Ryo's jaw tightened. "And it's on the fragment because…?"

"Because Veyl didn't just want to shift blame," Kaito said. "They wanted to echo something older. Something that already tried to justify what they're doing."

The screen zoomed in further.

The sigil wasn't etched onto the fragment.

It was embedded between layers.

Hidden.

Protected.

Kaito leaned back, a cold understanding settling in.

"This fragment wasn't just designed to redirect perception," he said. "It was designed to resonate with a specific ideology."

Mira swallowed. "The Insect God's."

"Yes."

The room felt heavier.

Aria broke the silence. "Does that mean—"

"No," Kaito said immediately. "Veyl isn't following him."

He stared at the symbol, eyes hard.

"They're borrowing his logic."

He powered down the scanner.

The sigil vanished, but its impression lingered behind his eyes.

"That mark," Kaito said quietly, "is what betrayal looks like when it convinces itself it's right."

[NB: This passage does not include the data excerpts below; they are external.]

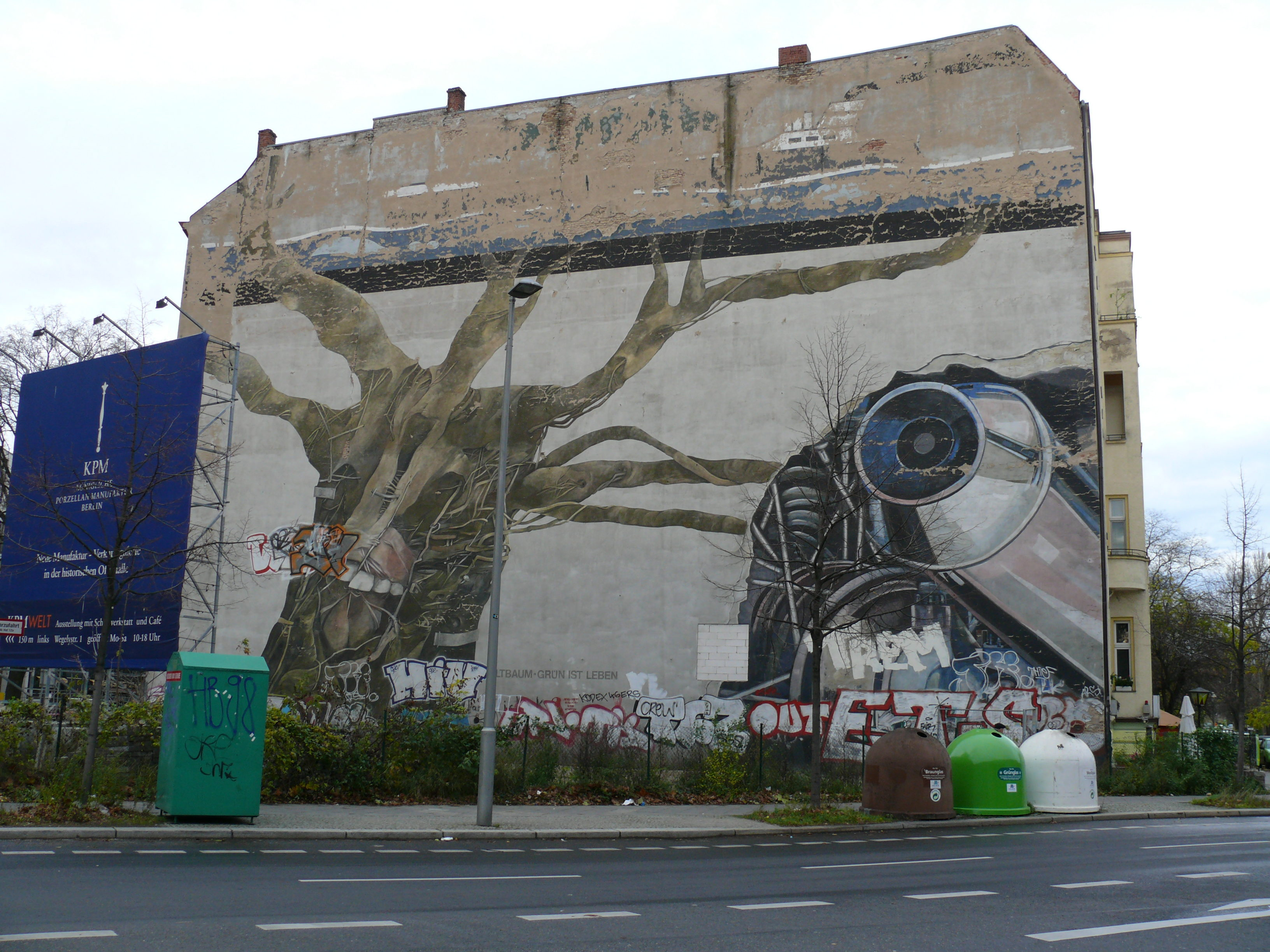 Bachstraße, Berlin-Hansaviertel, Germany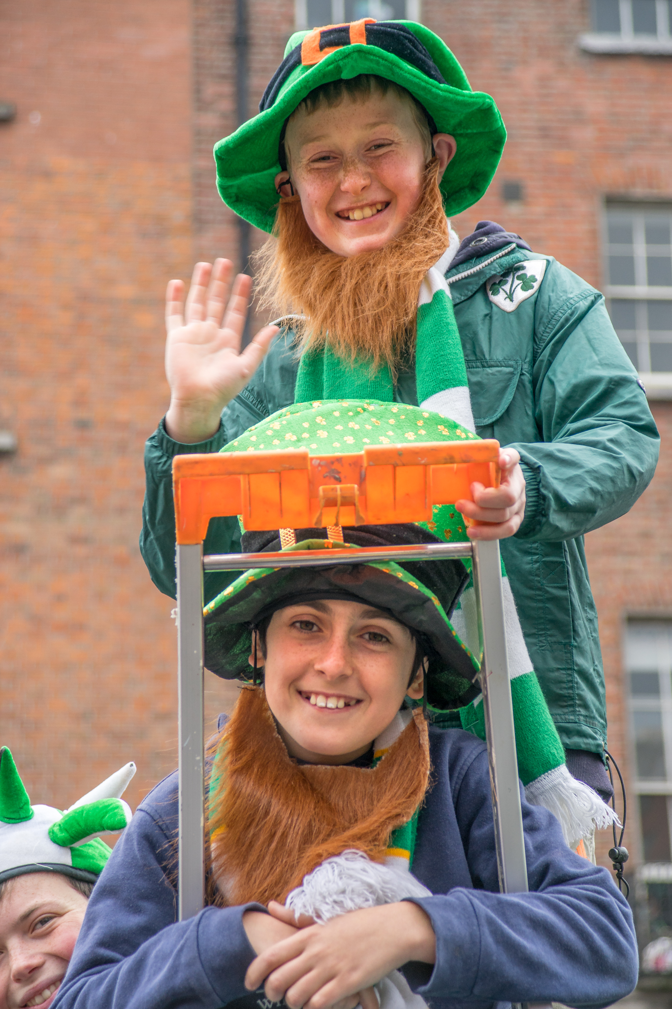 Check out my blog! . If you like to buy a print please visit my wall art shop . This is a free picture released under Creative Commons Attribution 2.0 Generic. Feel free to use and share this picture but please give me credit linking my website or my Flickr account. More info about me on . If you like my pictures please like my Facebook page or follow me on Twitter and Instagram . Thanks!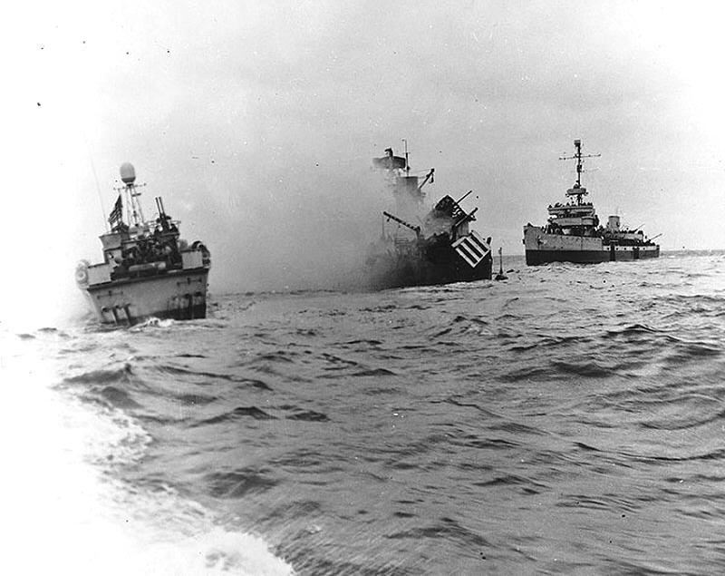 USS Tide sinking, soon after hitting a mine off "Utah" Beach, on 7 June 1944, during the Normandy landings. Note her broken back, with smoke pouring from amidships.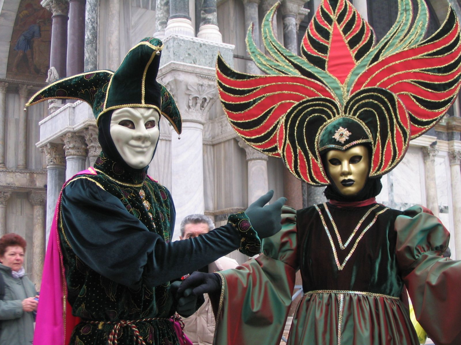 Batch Photo By wanblee =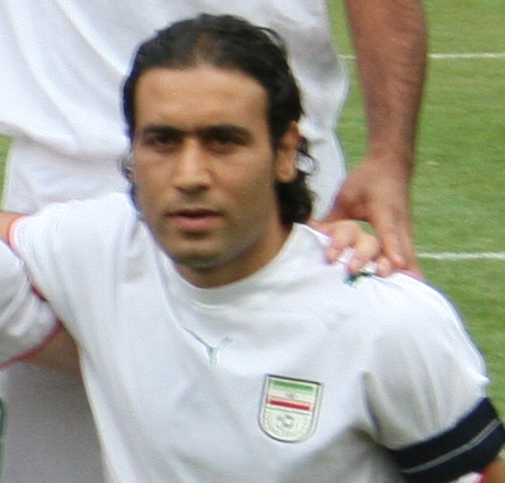 Mehdi Mahdavikia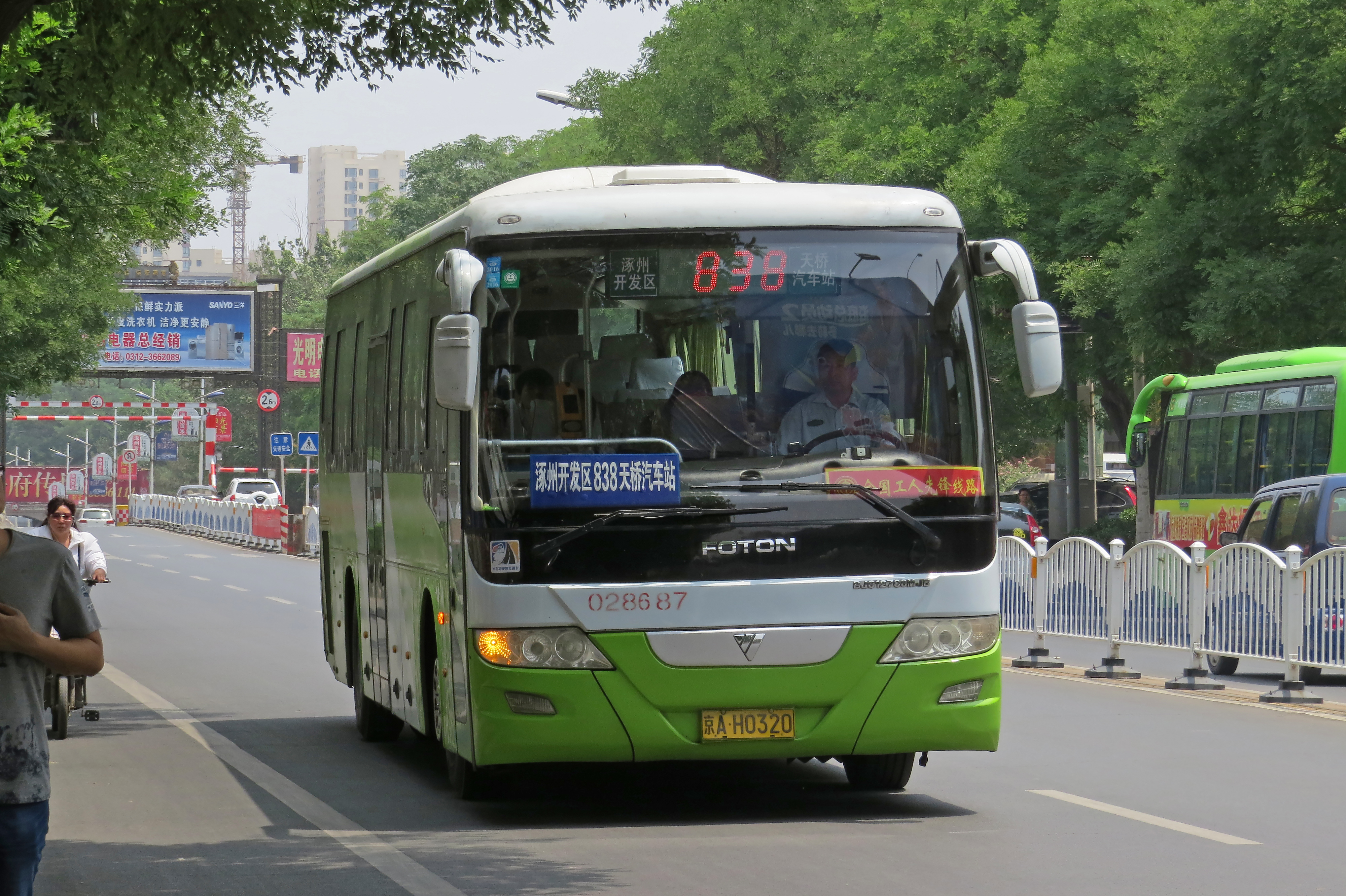 Back to Beijing. I didn't see any geophysics firm, but there is 838.

He sealed the fragment back into containment, hands steady.

But inside, something old stirred—not fire, not rage.

Recognition.

And that was worse.

Because if Veyl had found that symbol…

Then this wasn't just about Kaito anymore.

It was about reviving a way of thinking that should have died with a god.

Kaito turned away from the lab table.

"We need to move," he said. "Before that idea spreads."

Behind him, the fragment hummed once.

As if remembering who had loved the mark first.